1.3 improved Fisher Score and maximum information coefficient based feature selection method

The process of the Fisher Score and the feature selection model of the maximum information coefficient designed by the invention is shown in figure 1 and mainly comprises two stages.

As shown in fig. 1, the feature subset selected in two stages is used as the final feature subset, and the specific steps are as follows:

inputting: characteristic data set F ═ F₁,f₂,...,f_k}

And (3) outputting: optimal feature subset F_out。

The first stage is as follows: feature importance analysis

step 1: sequentially calculating corresponding Fisher Score values F in the feature data set F by the formula (4)_k；

step 2: for feature set F as F_kAnd performing descending arrangement.

And a second stage: feature redundancy analysis

step 1: according to the F sequence, traversing the F, and successively selecting the F_kCharacteristic f of larger value_iTo which is compared with F_kCharacteristic f of small value_jCalculate Mic (f)_i,f_j)；

step 2: judging Mic (f)_i,f_j) > 0.8, if greater than 0.8, the feature f_jSequence F^·Adjusting to the tail end, updating F and sequencing;

step 3: complete traversal, output F_out。

2 network flow characteristic extraction optimization based on bidirectional residual GRU

The method can effectively overcome gradient disappearance by using a non-saturated activation function, and by taking the characteristic that a residual error structure in a Convolutional Neural Network (CNN) can effectively relieve Network degradation, the invention provides a residual error Gated-loop Unit (Re-GRU) on the basis of a Gated Recurrent Unit (GRU) to relieve the problems of gradient disappearance and Network degradation, simultaneously continuously optimizes a model, introduces a residual error structure, and ensures that the performance of extracting Network flow characteristics by the optimized bidirectional residual error GRU structure is more superior.

2.1 residual gated cyclic Unit

2.1.1 gated cycle cell

The GRU is a simplified improvement of LSTM, each GRU processing unit has only two thresholds, and the GRU unit has only one timing output, so the GRU has less parameter quantity under the condition of ensuring that the timing related information can be effectively transmitted, the unit structure is as shown in fig. 2, and the formula is defined as follows:

z_t＝σ(E_zx_t+R_zh_t-1+Q_z) (6)

s_t＝σ(E_sx_t+R_sh_t-1+Q_s) (7)

a_t＝Tanh(E_aR_a(h_t-1*s_t)+Q_a) (8)

h_t＝(1-z_t)*h_t-1+z_t*a_t (9)

wherein x is_tInput value, h, representing the time t of the current layer_t-1Is the output value of the state at time t-1, z_tAnd s_tThe activation functions sigma of the update gate and the reset gate are Sigmoid functions, a_tFor candidate hidden states at time t, h_tA state vector representing the current time, t Tanh being a hyperbolic tangent activation function (Tanh) of the candidate hidden states, and a model weight parameter E_z、E_s、E_aAnd R_z、R_s、R_aOffset vector is Q_z、Q_s、Q_a。

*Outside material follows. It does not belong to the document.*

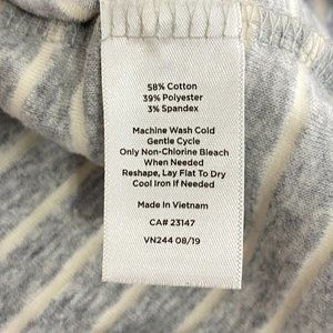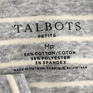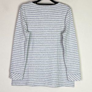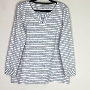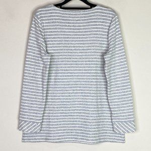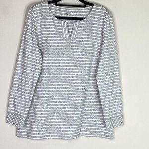 Talbots Grey Striped Notch Neck Top Women's Size Medium Petite
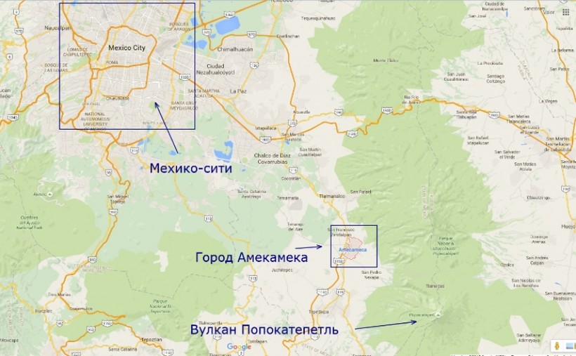 Вулкан Попокатепетль находится в Мексике, в штате Пуэбла, недалеко от столицы страны Мехико. Официальная высота вулкана Попкатепетль – 5426 метров, что делает его второй по высоте горой в Мексике после пика Орисаба. Я считаю и ближайших городок Амекамека очень интересный для неспешных прогулок, так как город зажат между двумя горными массивами и удивительным образом показывает стандартный, континентальный быт мексиканского народа, распространенный на четверти территории страны.

2.1.2 residual optimization

Gradient vanishing and network degradation are particularly severe in recurrent neural networks, and the present invention is addressed by improvements to GRUs. In the GRU algorithm, the output value and the output value of the hidden state at the previous time jointly determine the final output of the hidden state of the GRU. Therefore, the improvement of the invention mainly aims at a GRU candidate hidden state formula, and is mainly divided into the following 3 points:

(1) unsaturated activation function

The GRU candidate hidden state activation function is changed into a Linear rectification function (ReLU), so that the improved network can well avoid gradient disappearance caused by a saturation function, further deeper network training can be responded, the ReLU activation function can enable information transmission to be more direct, compared with the saturation activation function, the ReLU does not have the gradient disappearance problem caused by the saturation activation function, and the transfer of residual information can be better matched, therefore, a_tThe formula is changed as follows:

a_t＝ReLU(E_ax_t+R_a(h_t-1*s_t)+Q_a) (10)

wherein, a_tCandidate hidden states at the time t; e_a、R_aIs a model weight parameter; x is the number of_tRepresenting the input value at the moment t of the current layer; h is_t-1Is the output value of the state at the time t-1; s_tA reset gate at time t; q_aIs a bias vector.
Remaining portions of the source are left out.